On Jan 5, 2007, at 11:47 AM, Scott Atchley wrote:

I modified perf.c to write 10 times a buffer of 128 MBs. I get:

% mpiexec -n 1  ./perf -fname pvfs2:/mnt/pvfs2/x1
Access size per process = 134217728 bytes, ntimes = 10
Write bandwidth without file sync = 827.824860 Mbytes/sec
Read bandwidth without prior file sync = 870.979531 Mbytes/sec
Write bandwidth including file sync = 827.166730 Mbytes/sec
Read bandwidth after file sync = 865.624838 Mbytes/sec

using a single client. The client used about 25% CPU.

Scott

The above was with 1 MB buffers.
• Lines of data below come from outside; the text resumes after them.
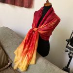 Our 14×72 (medium) scarves are 100% Habotai silk with a light weight and smooth touch. This fabric is what people often call “China silk.” They are light weight with slight sheen to the surface. They are approximately 14×72”, 8mm weight, and have a clean, machine-sewn hem.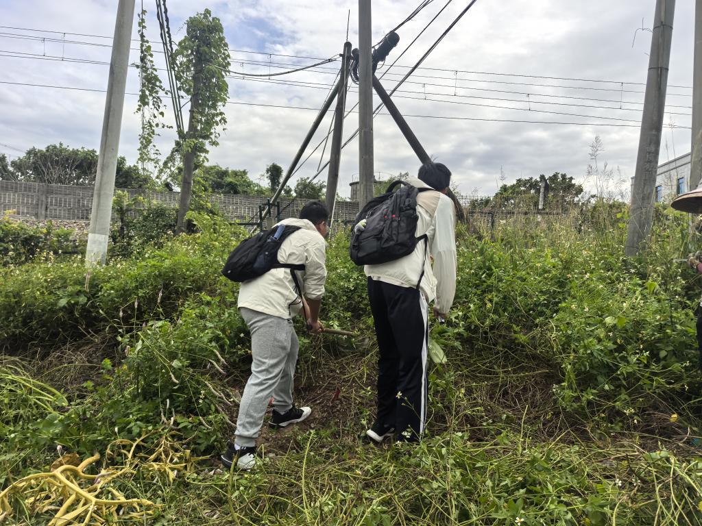 劳动现场一派热火朝天的景象。同学们分工明确,协作有序。一部分同学手持工具,认真清理着道路两侧及角落滋生的杂草,他们或弯腰拔除,或挥锹铲断,动作从生疏逐渐变得熟练;另一部分同学则负责清扫路面堆积的落叶、碎石,并将收集的垃圾进行分类归置。面对杂乱的草丛和沉积的污垢,同学们发扬了不怕脏、不怕累的精神,汗水浸湿了衣衫,但大家的劳动热情丝毫未减,欢声笑语与辛勤劳作的身影交织在一起,形成了田间地头一道亮丽的风景线。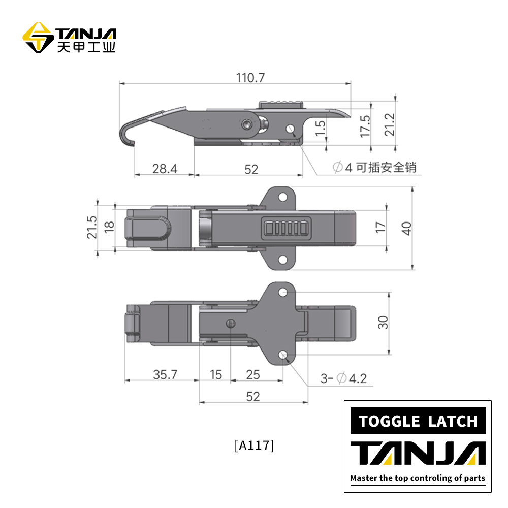 自锁可调节工业搭扣,适用于实验检测仪器,食品,医疗设备等。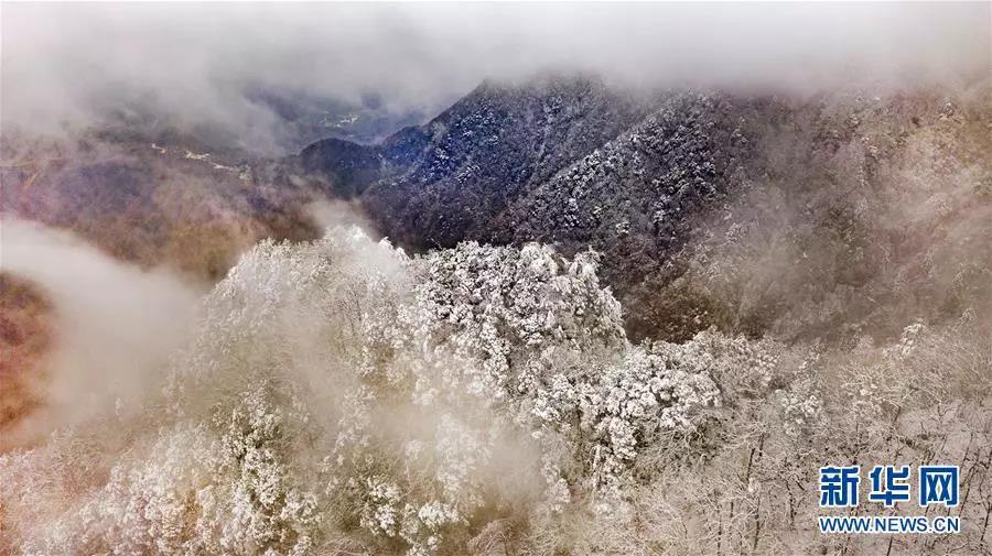 雪后初霽的鬼谷嶺國(guó)家森林公園(11月8日無人機(jī)拍攝)。 新華社記者陶明攝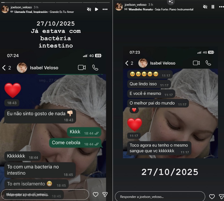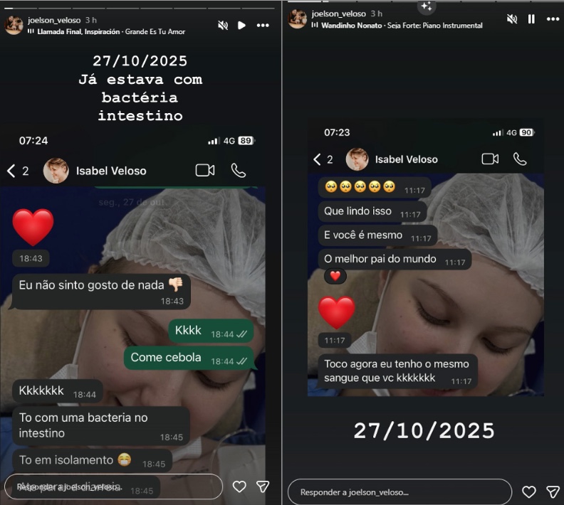 O pai da influenciadora Isabel Veloso, Joelson Veloso, usou as redes sociais nesta terça-feira (20) para divulgar uma troca de mensagens com a filha durante o período em que ela esteve internada, pouco mais de dois meses antes de morrer, no dia 10 de janeiro. As conversas foram publicadas nos Stories do Instagram e mostram momentos de fragilidade vividos por Isabel após um transplante de medula.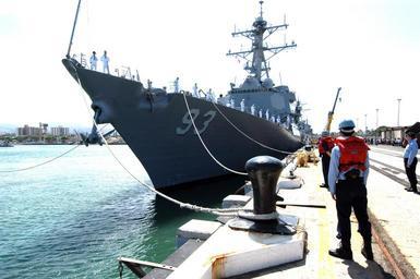 Keywords: US Navy 070416-N-6674H-027 Sailors aboard USS Chung-Hoon (DDG 93) man the rails as the ship departs Pearl Harbor for deployment.jpg en PEARL HARBOR Hawaii April 16 2007 - Sailors aboard USS Chung-Hoon DDG 93 man the rails as the ship departs Pearl Harbor for deployment The ship deployed with Bonhomme Richard Expeditionary Strike Group to conduct operations in the Pacific and Central Command areas of responsibility U S Navy photo by Mass Communication Specialist Paul D Honnick RELEASED 2007-04-16 070416-N-6674H-027 Navy http //www navy mil/view_image asp id 45207 U S Navy photo by Mass Communication Specialist Paul D Honnick PD-USGov-Military-Navy 2007 in Pearl Harbor Images from US Navy location Pearl Harbor Hawaii USS Chung-Hoon DDG-93 Manning the rail in the United States Navy Mooring bollards USS Chung-Hoon DDG-93 at Pearl Harbor |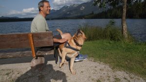 Den Nachmittag haben wir dann bei uns am Ferienhaus verbracht, da wir uns um 15:30 Uhr mit Catrin und Veit und ihrem Hund Leon verabredet hatten. Zusammen mit den Dreien, sind wir dann vor dem Abendessen noch einmal zum Barmsee gelaufen. Hier haben Amelie und Finn mit Begeisterung Steine in den See geworfen.

With 16 MB buffers:

% mpiexec -n 1  ./perf -fname pvfs2:/mnt/pvfs2/x1
Access size per process = 268435456 bytes, ntimes = 10
Write bandwidth without file sync = 822.867597 Mbytes/sec
Read bandwidth without prior file sync = 844.154572 Mbytes/sec
Write bandwidth including file sync = 823.773517 Mbytes/sec
Read bandwidth after file sync = 844.393557 Mbytes/sec

With 4 MB buffers:

% mpiexec -n 1  ./perf -fname pvfs2:/mnt/pvfs2/x1
Access size per process = 268435456 bytes, ntimes = 10
Write bandwidth without file sync = 847.215804 Mbytes/sec
Read bandwidth without prior file sync = 862.068630 Mbytes/sec
Write bandwidth including file sync = 847.861378 Mbytes/sec
Read bandwidth after file sync = 862.307479 Mbytes/sec

The client CPU usage was 25% for both values. I do not see any benefit for larger than 1 MB buffers.